What the task asks: Beginning with the line that contains "Плетеный шнур YGK", print each line to the end of the data exactly. Omit the pictures.

Material for this task:
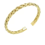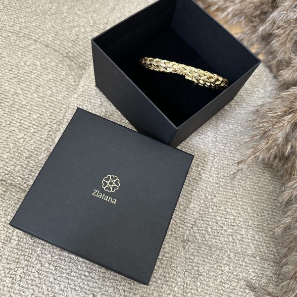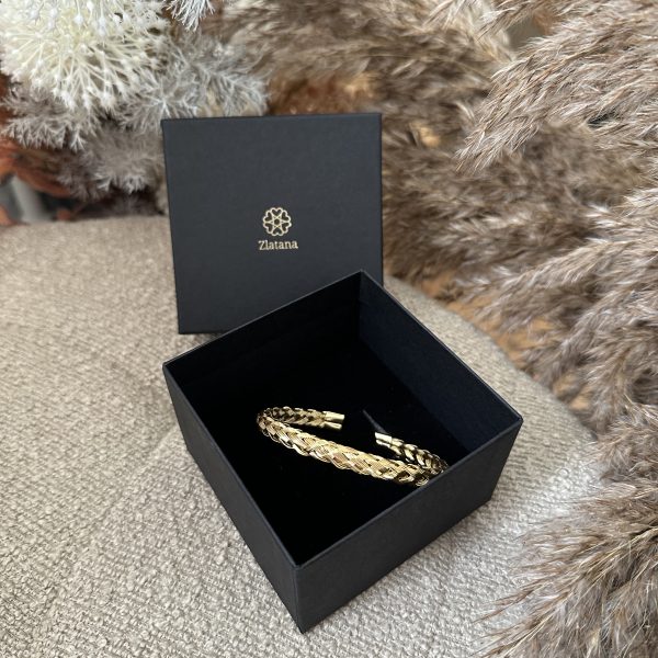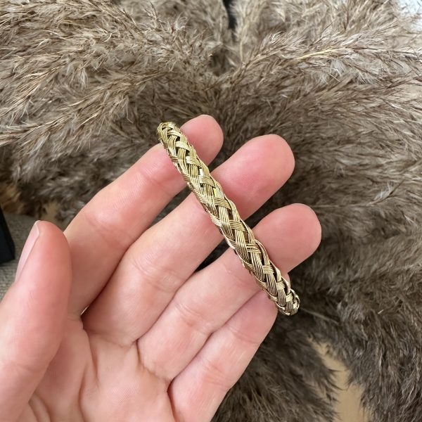 En smuk guldfarvet armbånd med et indviklet vævet design, perfekt til at tilføje elegance til ethvert outfit.
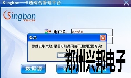 二天,登录软件,提示数据获取失败,原因可能是网络不通或配置有误。
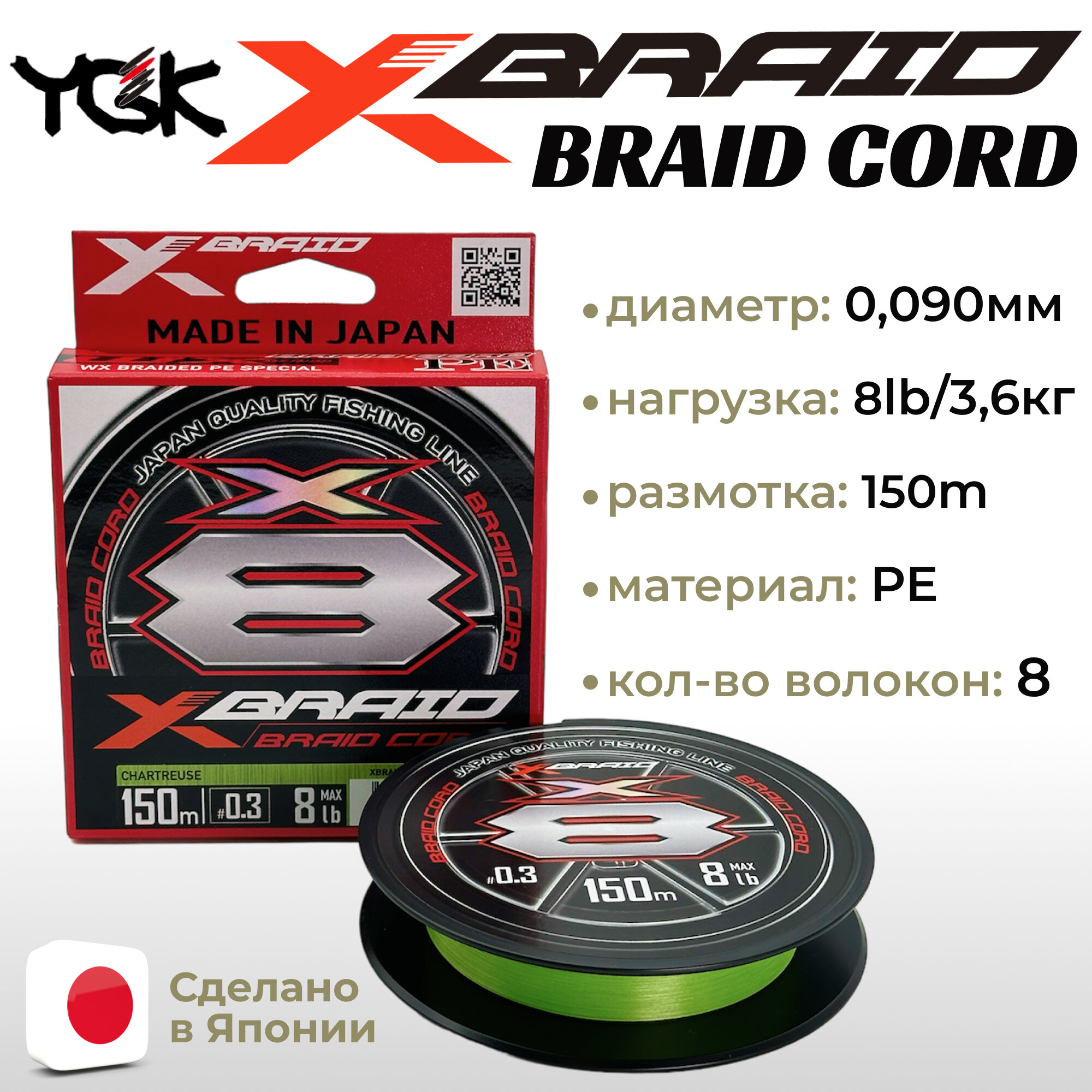 Плетеный шнур YGK X-BRAID BRAID CORD PE X4 150m #0.3 (6lb/2.7кг/0.090mm)
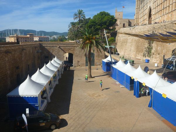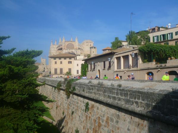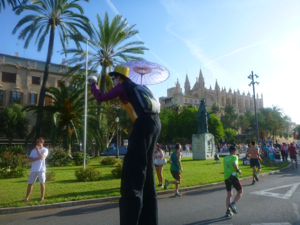 Richtig Stimmung kommt auf, als wir mit Blick auf Palast und La Seu von der Küstenstraße Richtung Altstadt abbiegen. Die bekannte Einkaufsstraße Ramblas nimmt uns auf. Es geht wieder leicht aufwärts. Eine Verpflegung ist am Platz Rei Juan Carlesi.
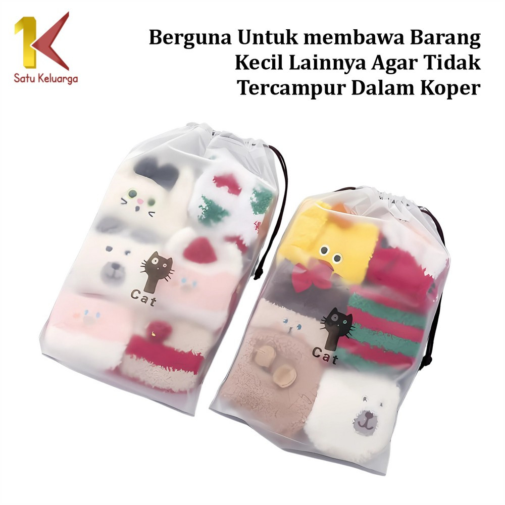 LOSTONSTORE - Satu Keluarga Travel Pouch Organizer C33 Tas Serut Kosmetik Karakter Tempat Penyimpanan Serbaguna
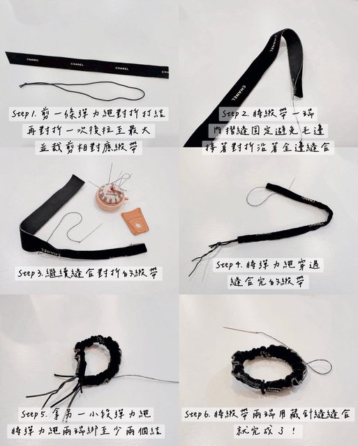 Step4. 將彈力繩穿過縫合完的緞帶,這裡使用髮夾輔助會比較容易!

Solution to this exercise:
 Плетеный шнур YGK X-BRAID BRAID CORD PE X4 150m #0.3 (6lb/2.7кг/0.090mm)
 Richtig Stimmung kommt auf, als wir mit Blick auf Palast und La Seu von der Küstenstraße Richtung Altstadt abbiegen. Die bekannte Einkaufsstraße Ramblas nimmt uns auf. Es geht wieder leicht aufwärts. Eine Verpflegung ist am Platz Rei Juan Carlesi.
 LOSTONSTORE - Satu Keluarga Travel Pouch Organizer C33 Tas Serut Kosmetik Karakter Tempat Penyimpanan Serbaguna
 Step4. 將彈力繩穿過縫合完的緞帶,這裡使用髮夾輔助會比較容易!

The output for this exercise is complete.